- Directed by: Shrirang Godbole
- Screenplay by: Shrirang Godbole, Vibhavari Deshpande
- Produced by: Shrirang Godbole, Abhay Gadgil
- Cinematography: Sanjay Jadhav
- Edited by: Abhijeet Balaji Deshpande
- Music by: Saleel Kulkarni
- Production company: Indian Magic Eye Motion Pictures Pvt. Ltd.
- Release date: 18 May 2012;
- Country: India
- Language: Marathi

= Chintoo (film) =

2012 Marathi movie by Shrirang Godbole

Chintoo is a 2012 Marathi movie in India directed by Shrirang Godbole. Originally based on the popular Marathi comic strip of the same name by Charuhas Pandit, it is the story of a boy named Chintoo and his gang. It was produced by Indian Magic Eye Motion Pictures Pvt. Ltd and on 18 May 2012, the film opened to positive critical and commercial response and was widely appreciated by younger audiences. The film was directed by Shrirang Godbole. Shubhankar Atre plays the lead character of Chintoo. Subodh Bhave, Vibhawari Deshpande, and others played the supporting characters.

==Plot==
Chintoo, a sweet and naughty boy, lives in an upper middle class, lively neighborhood with his parents. This eight-year-old is extremely popular in his group. Pappu is his best friend and Mini, Raju, Baglya, Neha and the toddler Sonu all together are deemed the unbeatable 'Wanarwede Warriors'.

Chintoo and his gang have big plans for their much awaited summer vacation. They decide to beat their rivals the Vinchoo Biters by making Wanarwede Warriors a stronger cricket team, even strong enough to win The World Cup. They practice hard and also convert the barren piece of land in the society into their very own 'Wanarwede stadium.' The match starts as planned.

Guru, a rogue, forcibly enters that space on the same day and sets up a small Chinese eatery. Akki, a watchman and Sakharam's son, is supposed to run it. The children protest against this intrusion but no one cares. The adults are in fact happy to get an easy access to the Chinese food. No one except Colonel Kaka objects to this illegal entrant and his illegitimate business in the housing complex.

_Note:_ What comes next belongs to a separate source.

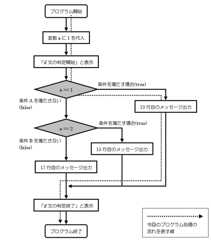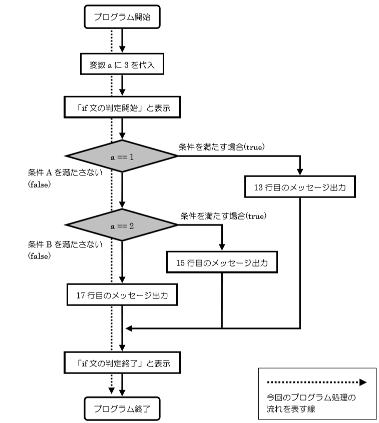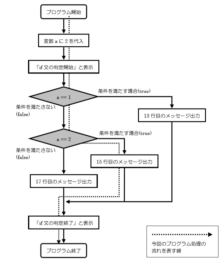 14 行目では else if 文の条件式「a == 2」を判定します。これは「2 == 2」になり、条件は満たされます。そのため、else if ブロック内の 15 行目が実行されます。

The children try to find space to play cricket but always end up being scolded by adults. They try all means and ways to get their stadium back and also make the adults understand their problem. All their attempts fail until the mastermind Chintoo comes up with his own idea of making a Chinese dragon. Guru worships the dragon and Chintoo believes he will get scared and leave the ground. The Wanarwede Warriors are later joined by the Vinchoo Biters because neither of the teams have ground on which to play. In the end, Chintoo and his friends earn back their ground after their parents realise how important the ground is to them.

==Cast==
- Chintoo – Shubhankar Atre
- Mini – Suhani Deshpande
- Baglya – Animesh Padhye
- Raju – Ved Ravade
- Pappu – Nishant Bhavsar
- Neha – Rumani Khare
- Sonu – Arjun Jog
- Chintoo's Aai – Vibhavari Deshpande
- Chintoo's Baba – Subodh Bhave
- Chintoo's Ajoba – Shriram Pendse
- Colonel Kaka – Satish Alekar
- Joshi Kaka – Dilip Prabhavalkar
- Joshi Kaku – Bharti Achrekar
- Sakharam Watchman – Vijay Nikam
- Satish Dada – Alok Rajwade
- Guru Dada – Nagesh Bhosale
- Akki – Om Bhutkar
- Art Teacher – Vijay Patwardhan
- Guruji – Prashant Tapasvi
- Chimanee – Mrinmayee Godbole
- Popat – Pankaj Gangan
- Chimanee's Father – Sanjay Lonkar
- Chimanee's Mother – Pournima Ganu Manohar
- Popat's Mother – Sadhana Sarpotdar
- Mini's Aai – Mridul Patwardhan
- Mini's Baba – Sunil Abhyankar
- Raju's Aai – Snehal Tarde
- Raju's Baba – Suraj Satav
- Neha's Aai – Soniya Khare
- Neha's Baba – Ajay Apte
- Pappu's Aai – Chitra Khare
- Pappu's Baba – Amit Patwardhan

==Sequel==
A sequel to the first film was announced on 11 March 2013, titled "Chintoo 2: Khajinyachi Chittarkatha". The film was released across Maharashtra on 18 April 2013. The film had all the children characters played by the same actors as in the first film.